Journal de l’année 14 de Jacques Bainville : Les notes sont quasiment quotidiennes jusqu’au 31 décembre. Sauf du 14 au 27 août à cause des contraintes de la guerre. Nous conseillons vivement de les lire au jour le jour, comme elles furent écrites. Sachons que notre situation française et européenne d’aujourd’hui découle largement des grands événements relatés ici !
«… rêveries sur la possibilité d’un gouvernement du monde par une aristocratie de savants »
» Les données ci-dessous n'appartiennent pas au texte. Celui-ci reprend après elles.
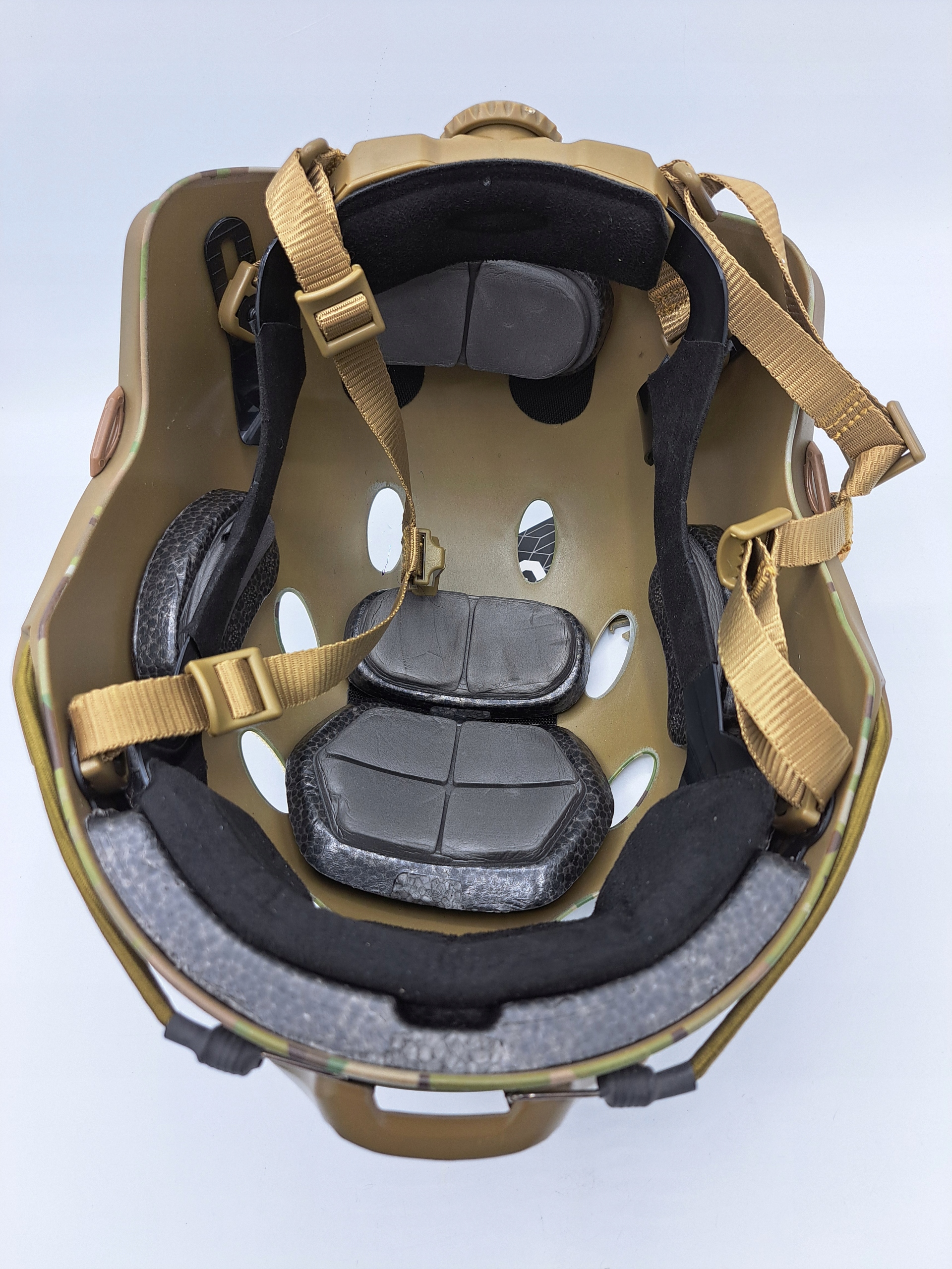 М'яка внутрішня підкладка, дуже добре підходить, передній тримач для окулярів нічного бачення (NVG). Маска для обличчя з захисними стеклами знімна. Його також можна використовувати лише як тактичний шолом.

Le cas Romain Rolland* est des plus curieux. Romain Rolland, écrivain de langue française, n’est pas d’origine suisse, comme beaucoup de personnes l’imaginent. Romain Rolland est né dans le Nivernais de vieille souche nivernaise. L’auteur de La vie de Beethoven et de ce Jean-Christophe qui a l’air d’une œuvre posthume de Richter, n’a jamais passé plus de deux mois de sa vie en Allemagne : du moins ses amis l’assurent. Cependant il est à ce point pénétré de germanisme qu’il ne peut s’empêcher de prendre le parti des Allemands même pendant la guerre. Il vient de faire scandale en imprimant dans un journal de Genève que les intellectuels français ne s’étaient pas mieux conduits que les intellectuels allemands. En somme, il pèse désespérément sur la balance au moment où, dans la sympathie de l’univers, c’est la cause de la France qui est tout près de l’emporter définitivement. Cet état d’esprit était déjà celui de Jaurès, qui, en politique, ne pouvait s’empêcher de prendre toujours le parti de l’Allemagne, de voir la justice, la raison du côté de l’Allemagne, jusqu’à inventer un jour, sans souci de l’ordre de succession des évènements ni de la vérité historique, que la Triplice était le contrepoids de l’alliance franco-russe.
Mais cet état d’esprit est bien plus ancien encore. Il a été, à diverses reprises, celui d’un homme infiniment plus nuancé, infiniment plus intelligent et infiniment moins impulsif qu’un Romain Rolland, qu’un Jaurès, prompt à se mettre en garde contre le parti pris autant que ceux dont je viens de parler aiment y baigner leur sensibilité grossière : c’est Renan, chez qui l’empreinte du germanisme demeura toujours. Dans Les Dialogues philosophiques qu’il écrivait, il le raconte lui-même, en 1871, tandis qu’il entendait le canon de la guerre civile, celui de l’armée de Versailles reprenant Paris sur la Commune : il témoigne que, dans ses rêveries sur la possibilité d’un gouvernement du monde par une aristocratie de savants, son esprit, par une invisible pente, s’est laissé entraîner jusqu’à cette hypothèse :
« La France incline toujours aux solutions libérales et démocratiques; c’est là sa gloire; le bonheur des hommes et la liberté, voilà son idéal. Si le dernier mot des choses est que les individus jouissent paisiblement de leur petite destinée finie, ce qui est possible après tout, c’est la France libérale qui aura eu raison; mais ce n’est pas ce pays qui atteindra jamais la grande harmonie, ou, si l’on veut, le grand asservissement de conscience dont nous parlons. Au contraire, le gouvernement du monde par la raison, s’il doit avoir lieu, paraît mieux approprié au génie de l’Allemagne, qui montre peu de souci de l’égalité et même de la dignité des individus, et qui a pour but avant tout l’augmentation des forces intellectuelles de l’espèce.«
Que dit le plus fameux manifeste des intellectuels allemands, le programme d’asservissement du monde à la Kultur par l’instrument du militarisme prussien ? Le manifeste en dit moins, au fond, il dit moins nettement les choses, comme s’il fallait que les plus monstrueuses rêveries germaniques, pour trouver leur expression définitive, eussent repassé dans une tête française. ■ JACQUES BAINVILLE
* Romain Rolland (1866-1944), écrivain pacifiste, internationaliste, vivait en Suisse.